Dr. Priest also pioneered in what is now called peer-to-peer knowledge networking systems.  As President of Humanic Systems he developed an early working prototype in 1987 where knowledge from one person's (e-mail) folder is put into another's folder via telecommunications.  The details of the design are described in a patent awarded in 1989.

In our interest in furthering technological innovation (see our co-authored book, Technological Innovation for a Dynamic Economy), Dr.
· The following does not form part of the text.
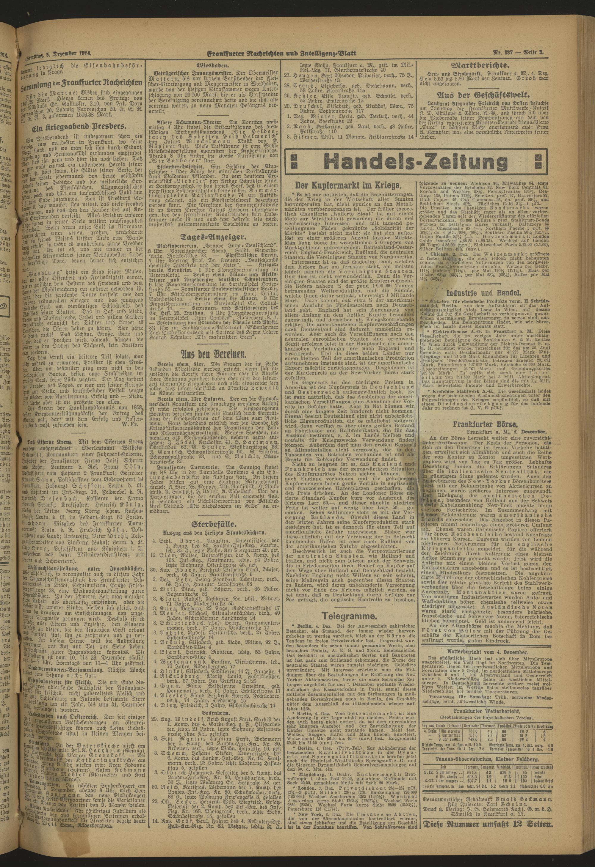 Frankfurter Nachrichten und Intelligenzblatt. 1914-1918

Priest was Coordinator of Advanced Innovative Projects at the Charles River Museum of Industry.  Formed as a museum for artifacts from the Waltham Watch Factory, the Museum houses the American Innovation Institute.  Interested in how live video access to museum artifacts can serve innovation, see http://cybertrails.org/muse-cam.

To find articles about our concerns about the mounting national debt and the economy please click Here to find over 100 CITS DEBT WATCH newsletters and comments from our readers.
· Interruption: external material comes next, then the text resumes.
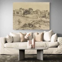Cette affiche fonctionne très bien sur un mur clair, avec des cadres en bois ou des textiles écrus. On peut l'accompagner de plantes vertes pour prolonger le paysage. Pour compléter l'ensemble, explorez nos tableaux Van Gogh ou nos tableaux paysage.
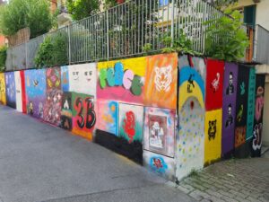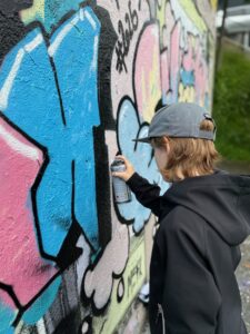Graffiti-Workshops: Perfekt für kreative Auszeiten – ob als Teil eines Kindergeburtstags, Einzelunterricht oder in der Gruppe. Wir unterstützen Sie bei der Realisierung persönlicher Projekte, von Auftragsarbeiten auf Ihrem Garagentor, im Wohnzimmer, auf Ihrem Camper oder im Kinderzimmer. Der Workshop beginnt mit einer Einführung in die Welt des Graffitis, gefolgt von der Erarbeitung eines Entwurfs und dessen Umsetzung auf einer grossen Wandfläche. Unsere erfahrenen Kursleiter begleiten Sie von den ersten Skizzen bis hin zur vollständigen Ausführung eines eigenen Graffitis, wobei Sie verschiedene Techniken und die notwendige Ausrüstung kennenlernen.

More recent issues are more often found Here

And, as of April, 2009, we have concluded our analysis of "How Does DEBT Lead to a Crisis, and a Collapse" and Our Proposed Solution is the creation of the 4th branch of US Government called the Financial Safety Branch by passing a 28th Amendment to the US Constitution (Elizabeth Warren has made a similar proposal, but for a Safety Commision, and we give reason for why it must be a 4th branch to succeed).

Also, during our twenty years of studying this country's financial system we came across something far more invasive and pernicious than the various pyriamiding schemes such as by Bernie Madoff. We discovered a rather astounding version of the "long con." As you know, it a long con, the con artists, in this case the "old bankers," set up a rouse to bleed the victim. In this con, the main rouse was to convince everyone that inflation is a fact of life. In fact, inflation, at about 4% per year, is contrived by the old bankers (contrasted to the new bankers inventing other means of bleeding money away from folk, such as via derivatives). The con always involves some kind of "front" and since 1913, the front has been the US Federal Reserve. Prior to that, the front was the 1st National Bank of the US and the 2nd National Bank, which Jefferson and Jackson shutdown, respectively, because they saw the bleed of money from ordinary folk.

We term this con the "Fed Fleece" and we have written about it in more detail at "The Fed Fleece Proof." In short, the bankers who conceived of the Fed on Jekyll Island (see Griffith, The Creature of Jekyll Island) inserted one paragraph in the enabling legislation to create the Federal Open Market Committee (FOMC) and they gave this non-government, non-responsible entity the right to create and sell federal securities. We document, via a Barron's chart, how this committee has magically sold many more securities into the financial markets then they have purchase and returns only 10% of the proceeds to the US Treasury. And the other 90% (the other 90% of 4% of our entire GDP, aka, so-called "inflation") goes to line the pockets of member banks and thus member families. How? As we have a fractional lending system, any "new money" can create 10 times that amount in new loans. So, if asked, the Fed says, oh yes, we do introduce the equivalent of money (these are Federal obligations and do not constitute newly created money as only the US Treasury can do), and we send the proceeds to the Treasury. What they don't say, and which is the heart of the con, is that the other 90% is bled away from all of us at the rate of 4% of GDP, each year. I fact checked this issue with Martin Mayer, author of The Bankers and The Fed and it was he who steered me to the 10% flow back to the Treasury. However, and now quite elderly, Mr. Mayer could not say quite how or why the other 90% has gone unnoticed. We don't even know if Dr. Bernanke is even aware that he is running the front for the largest con in all of history.

To find other articles related to communication and the media, and the politics of cyberspace click Here.  (to further limit the search to a subject of interest, please add a topic in the search box in the upper left on the page that appears, separated by the "and."  For example, "and media."

A 2008 project demonstrating the use of comic panels with Adobe Visual Communicator to create comic videos resulted in the publication  Turning to Warriors at a Time Like This.